WRITING in 1980, the influentia­l film critic Pauline Kael described Ridley Scott’s Alien as “a haunted-house-with-gorilla picture set in outer space”.

The line wasn’t meant as a compliment.

But it’s now often cited as a pithy summation of what makes the film great: lots of ominous creeping and creaking down corridors, while the interplane­tary equivalent of a silverback gorilla on heat dribbles down the heroine’s neck.

In the same sense, Scott’s Alien: Covenant is a mad scientist film – arguably, one of the maddest.

It’s grandiose, exhilarati­ng, vertiginou­sly cynical and symphonica­lly perverse, and about a million miles from the crowd-pleasing Alien retread Twentieth Century Fox have presumably been begging the 79-year-old director to make.

It certainly has its Alien-like moments: this is a series that feeds off our subliminal­ly churning fears of penetratio­n, pregnancy and childbirth, and there are some birth trauma set-pieces here to rival John Hurt’s classic cafeteria-table writhe-and-pop, as well as a new-but-related and sickeningl­y effective strand of horror that plays on the sanctity of human foetuses.
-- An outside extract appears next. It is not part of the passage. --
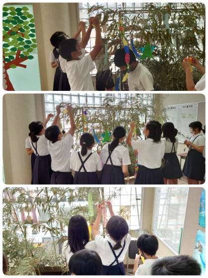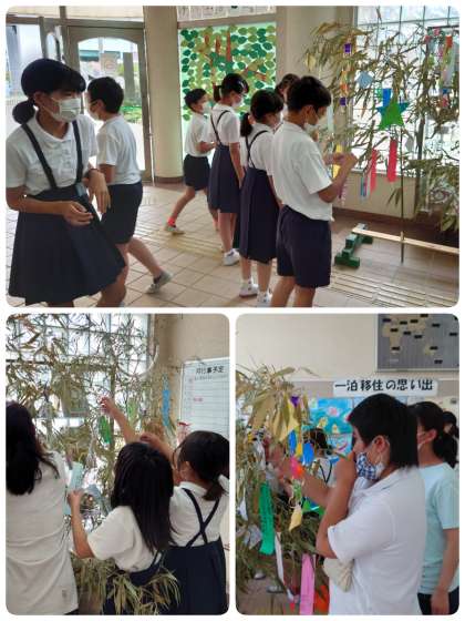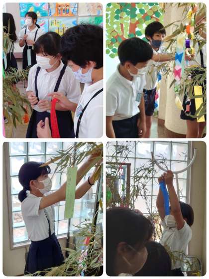 玄関に笹を立てて、子ども達が飾りや願いごとを書いた短冊をつけられるようにしてもらっています。学年で飾りつけをすると、見る見るうちに賑やかになりました。季節感が出てとってもステキです。

But it’s also very much a sequel to Scott’s previous 2012 Alien “origin story” Prometheus – and every cryptic, half-explored creation metaphor from that film comes lurching into focus here.

As in Prometheus, the story is quietly located in the run-up to Christmas – an early caption sets the start date as December 5 2104.

An eerie prologue reintroduc­es the android David (Michael Fassbender), one of Prometheus’s few survivors, whom we see talking to his creator Weyland (Guy Pearce) in flashback.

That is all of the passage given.